I was walking through an arrivals terminal in Bristol (UK) Airport watching screens of Trump giving his speech on Sky News. There was no sound on so I couldn’t hear what he was saying but you could tell from the way his shoulders were hunched and his hands were accordion-ing he was extremely pissed off and defensive. Sad!

Daphne McHugh's avatar

Could you see sad little Marco wilting and longing to be dead in hell rather than there?

Dave Yell's avatar

That was his soul leaving his body.

Quinazoline's avatar

I think that happened a while ago when he made his Faustian bargain.

B Breivogel's avatar

Marco looked liked a little boy with a full bladder.

suzc's avatar

Rubio is miserable because he is sentient. Lutnick is neither.

James DEmilio's avatar

Lutnick may have been smiling over the big money-making operation in the slush fund for Iranian reconstruction.

Quinazoline's avatar

I tend to agree about Rubio - but why won't he get out or do something about it? How sentient is he really?

David Court's avatar

Couldn't have happened to a more deserving ignoramous who believes in baffling them with bulls--- because he has never dazzled anyone with his "brilliance".

Dave Yell's avatar

While drinking water

Karen D's avatar

The air-accordion is his favorite instrument 😅

Probably the reason his hands are so bruised 🙄

Ann Williams's avatar

It’s such a body-language tell.

Tim Coffey's avatar

"“The one thing I didn’t want to see was economic catastrophe. If you kept this going, that could have happened,” Trump said."

< Tim falls off his chair laughing his arse off >

If only the president had advisors that would have warned him about the economic consequences of launching a war against Iran back in January/February.

Wait. He did have advisors? He just ignored them and launched a war against Iran anyway.

< Tim starts laughing his arse off again >

Congrats, MAGA. Orange Caligula got played like a two dollar banjo and he betrayed the lot of you. Again.

bitchybitchybitchy's avatar

He doesn't have advisors. He has sycophants and cheerleaders.

Dave Yell's avatar

and they are his advisors

Mike Lew's avatar

Why would he need advisors? He knows more off the top of his head than anyone alive.

Steve Messere's avatar

Churchill's definitive six-volume account of WWII vividly presents how war is simply about math. The purest expression of Churchill’s mathematical view of the war happened on the night of December 7, 1941. When he learned of the Japanese attack on Pearl Harbor, he didn't panic about a new, global front opening up—instead, he wrote that he "slept the sleep of the saved."
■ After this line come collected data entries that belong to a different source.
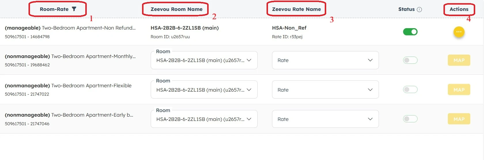 Actions - Click on MAP and It will ask to set up Mapping configuration for a specific rate plan.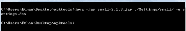 命令:java -jar smali-2.1.3.jar ./Settings/smali/ -o setting.dex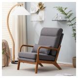 This armchair combines the best of cozy comfort and mid-century design. Upholstered in the fabric of your choice, it offers a classic look and feel that's soft to the touch. This chair's angular frame is made from solid oak wood with a rustic brown finish, while foam filling provides ample cushioning for the seat and back. A stylish coordinating pillow gives it both an added layer of texture and lumbar support. We also love that its overstuffed headrest lets you lean back and sink in after a long day. Place it in your living room or create a reading spot in your guest room. Accommodates up to 330 lbs.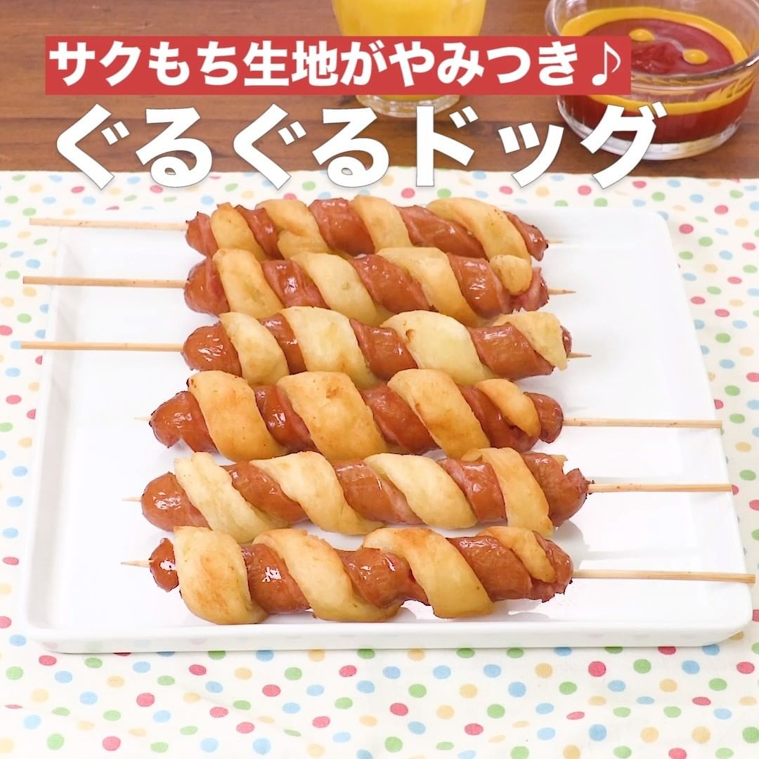 らせん状のアメリカンドッグはインパクト抜群!パーティーにぴったりです。じゃがいもを入れて生地にもちっと感をプラスします♪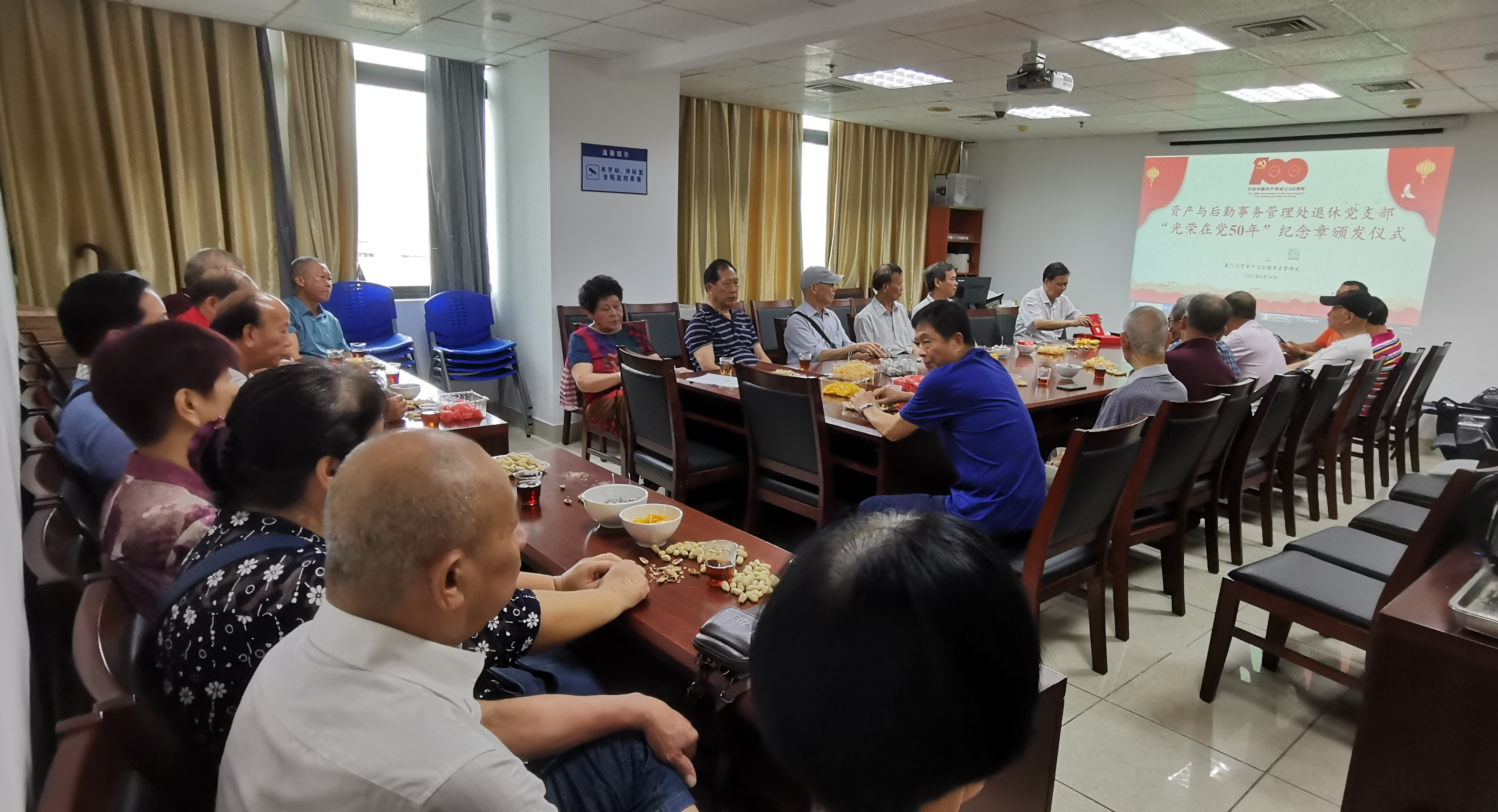 50年党龄,50载光荣。6月24日上午,资产与后勤事务管理处退休第一、第二党支部在颂恩楼615室举行“光荣在党50年”纪念章颁发仪式,共有13名老党员获此殊荣。

Churchill realized that once the United States was fully committed alongside the British Empire and the Soviet Union, the combined GDP, population, steel production, and access to raw materials of the "Grand Alliance" vastly dwarfed those of the Axis powers. The ultimate outcome was no longer a question of tactical brilliance, but of inescapable arithmetic.

Trump and his entire team of misfits failed this simple test.
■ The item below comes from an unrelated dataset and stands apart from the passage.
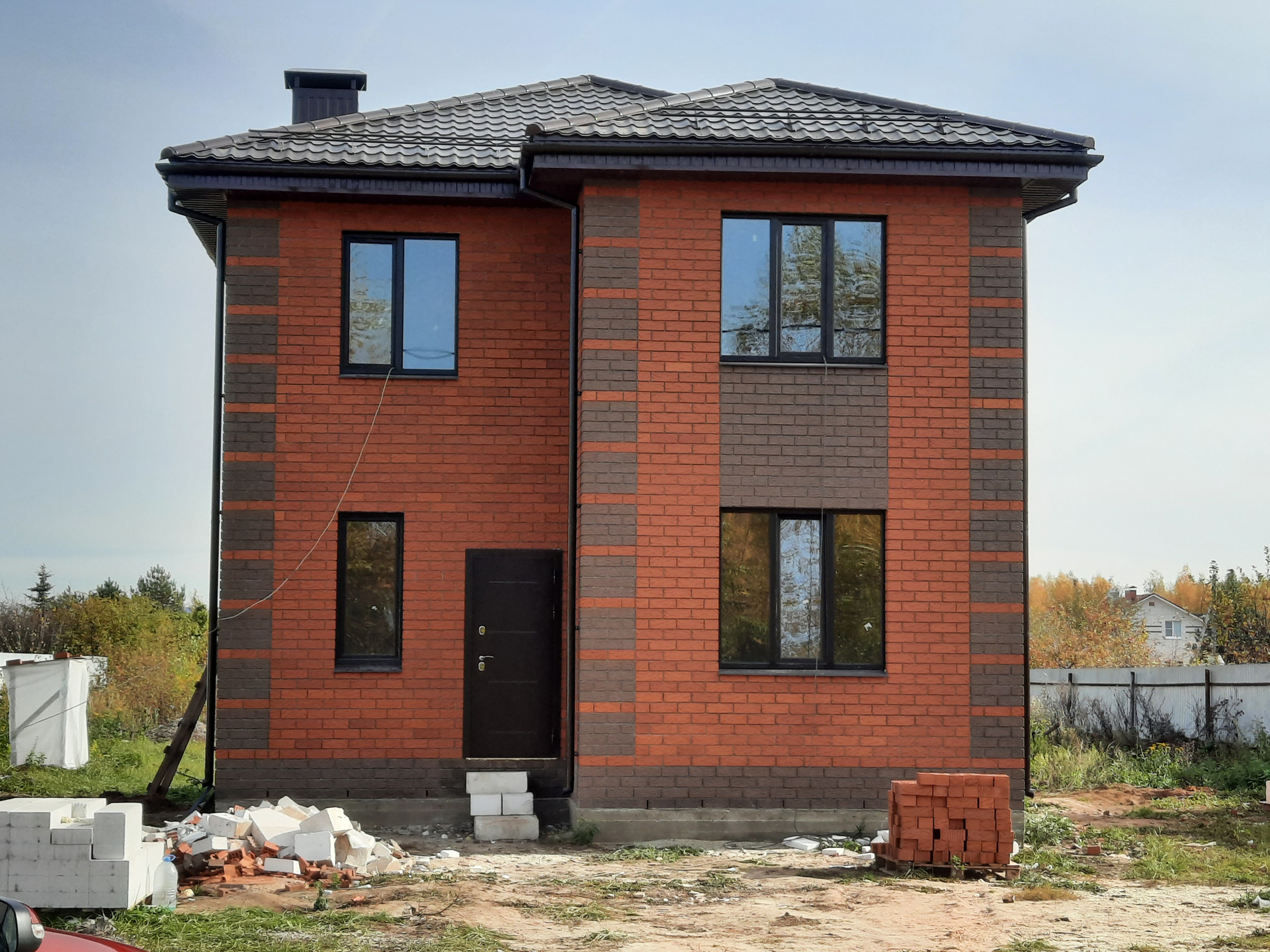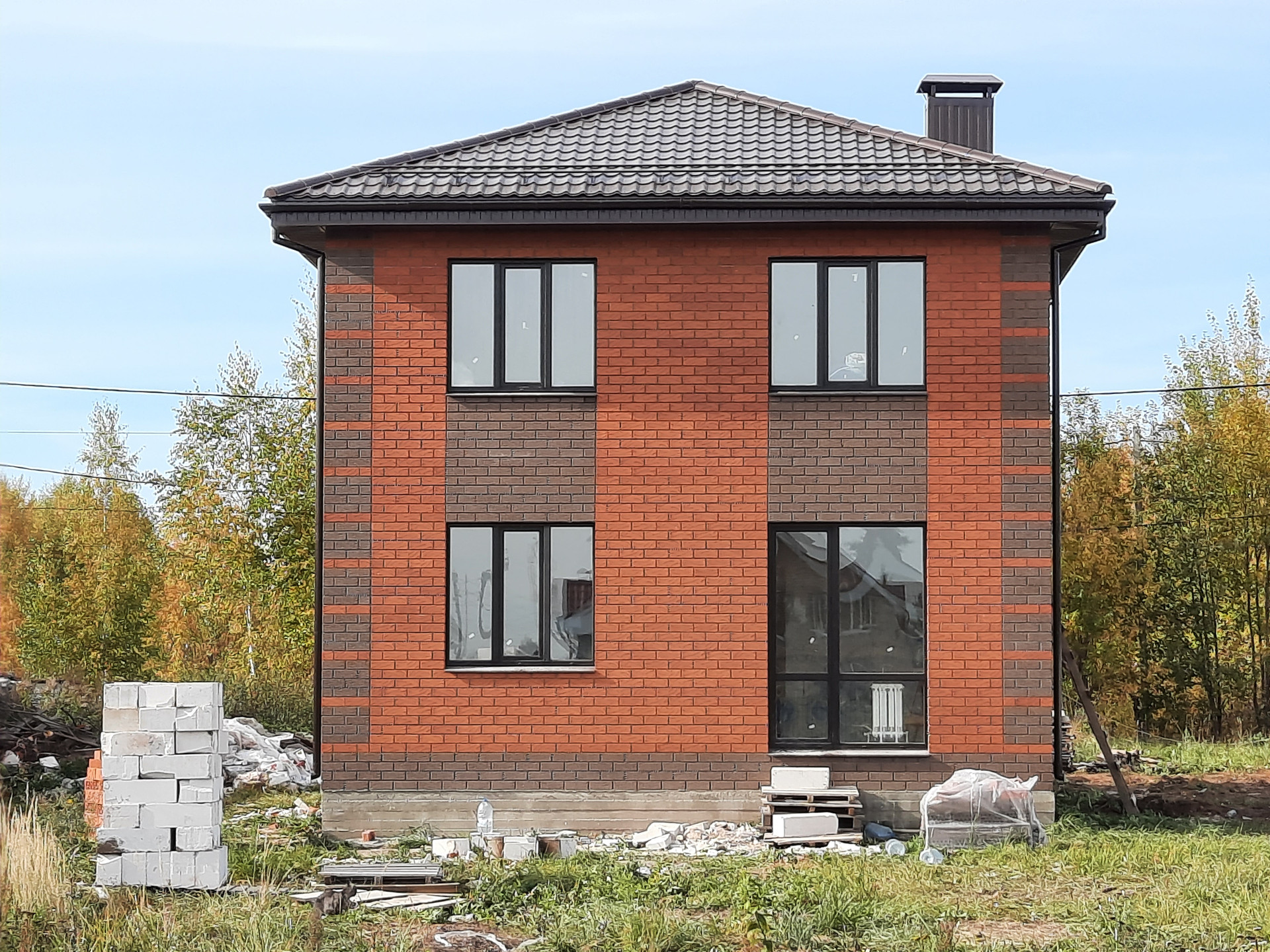 Дом продается в предчистовой отделке: стены, заштукатуренные под обои, на полу ровная стяжка, на окнах откосы и подоконники, натяжные потолки, разводка электричества, теплые полы по всему первому этажу от двухконтурного котла, радиаторы по 1ому и 2ому этажам.

Iran had the math right, and they remain in control of the world's economies, save China, which remains carefully free of imminent crisis, with massive reserves and a full-steam commitment to changing its energy paradigm, with booming industries in renewables, super-critical CO2, and nuclear. As of May 2026, EVs accounted for a record 62.9% of the Chinese retail auto market share and now account for over 60% of all EVs sold globally.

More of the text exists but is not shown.